# NLP Preprocessing Notebook

The purpose of this notebook is to conduct the preprocessing steps that are necessary for text data in NLP. This includes tokenizing, removing stop words, vectorizing, etc.

In [5]:
import pandas as pd
import matplotlib.pyplot as plt
from matplotlib import cm
import seaborn as sns
%matplotlib inline
import nltk
from sklearn.feature_extraction import text 
from nltk.stem import WordNetLemmatizer 
from sklearn.feature_extraction.text import CountVectorizer
from sklearn.feature_extraction.text import TfidfVectorizer
from sklearn.feature_extraction.text import TfidfTransformer
from nltk.probability import FreqDist
from nltk.corpus import stopwords
from nltk.stem import PorterStemmer
from sklearn.metrics import confusion_matrix
from sklearn.naive_bayes import MultinomialNB
from sklearn import metrics
from sklearn.model_selection import train_test_split


### 1. Load the clean dataframe from `data_cleaning.ipynb`


In [27]:
# this is our corpus
clean_df = pd.read_pickle('../pickle/clean_df.pkl')

In [28]:
clean_df.head()

Unnamed: 0,total_votes,hate_speech_votes,other_votes,label,tweet,round_1_tweet
0,3,0,3,0,!!! RT @mayasolovely: As a woman you shouldn't...,as a woman you shouldnt complain about clea...
1,3,0,3,0,!!!!! RT @mleew17: boy dats cold...tyga dwn ba...,boy dats coldtyga dwn bad for cuffin dat ho...
2,3,0,3,0,!!!!!!! RT @UrKindOfBrand Dawg!!!! RT @80sbaby...,dawg you ever fuck a bitch and she sta to...
3,3,0,3,0,!!!!!!!!! RT @C_G_Anderson: @viva_based she lo...,she look like a tranny
4,6,0,6,0,!!!!!!!!!!!!! RT @ShenikaRoberts: The shit you...,the shit you hear about me might be true or...

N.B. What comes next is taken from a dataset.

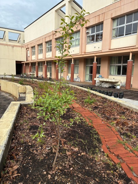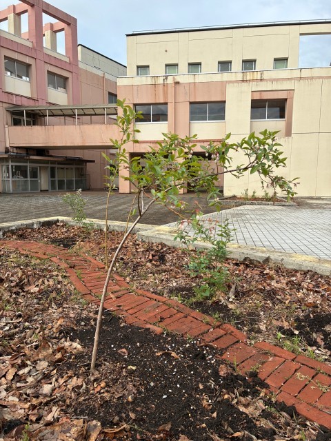 生徒会が中心となって作っている中庭のブルーベリー畑に、元学運協会長、元学運協委員、現学運協会長の方々に大きなブルーベリーの苗を植えていただきました。昨年の秋に植えたブルーベリーの約2倍の大きさです。今年実がつくそうです。いつもありがとうございます。

### creating `tweet_df` with only cleaned tweets column

In [30]:
# tweet_df = pd.DataFrame(tweet_data)

tweet_df = clean_df[['round_1_tweet', 'label']].copy()

In [31]:
tweet_df.head()

Unnamed: 0,round_1_tweet,label
0,as a woman you shouldnt complain about clea...,0
1,boy dats coldtyga dwn bad for cuffin dat ho...,0
2,dawg you ever fuck a bitch and she sta to...,0
3,she look like a tranny,0
4,the shit you hear about me might be true or...,0


In [32]:
data = tweet_df['round_1_tweet']
target = tweet_df['label']

## Remove Stop Words & Tokenize

In [42]:
stop_words = set(stopwords.words('english'))

In [43]:
def process_tweet(text):
    tokens = nltk.word_tokenize(text)
    stopwords_removed = [token.lower() for token in tokens if token.lower() not in stop_words]
    return stopwords_removed 

In [44]:
# applying the above function to our data/features 
processed_data = list(map(process_tweet, data))

In [45]:
total_vocab = set()
for comment in processed_data:
    total_vocab.update(comment)
len(total_vocab)

22021

## Lemmatization

In [46]:
# creating a list with all lemmatized outputs
lemmatizer = WordNetLemmatizer() 
lemmatized_output = []

for listy in processed_data:
    lemmed = ' '.join([lemmatizer.lemmatize(w) for w in listy])
    lemmatized_output.append(lemmed)

In [47]:
X_lem = lemmatized_output
# [' '.join(d) for d in processed_data]

y_lem = target
# X[3]

## Step 4: Vectorize & TTS

In [49]:
X_train_lem, X_test_lem, y_train_lem, y_test_lem = train_test_split(X_lem, y_lem, test_size=0.20, random_state=15)

# using tf_idf vectorizor
tfidf = TfidfVectorizer(stop_words= stop_words, ngram_range=(1,2))

In [50]:
tfidf_data_train_lem = tfidf.fit_transform(X_train_lem)
tfidf_data_test_lem = tfidf.transform(X_test_lem)

tfidf_data_train_lem

<19826x109462 sparse matrix of type '<class 'numpy.float64'>'
	with 274013 stored elements in Compressed Sparse Row format>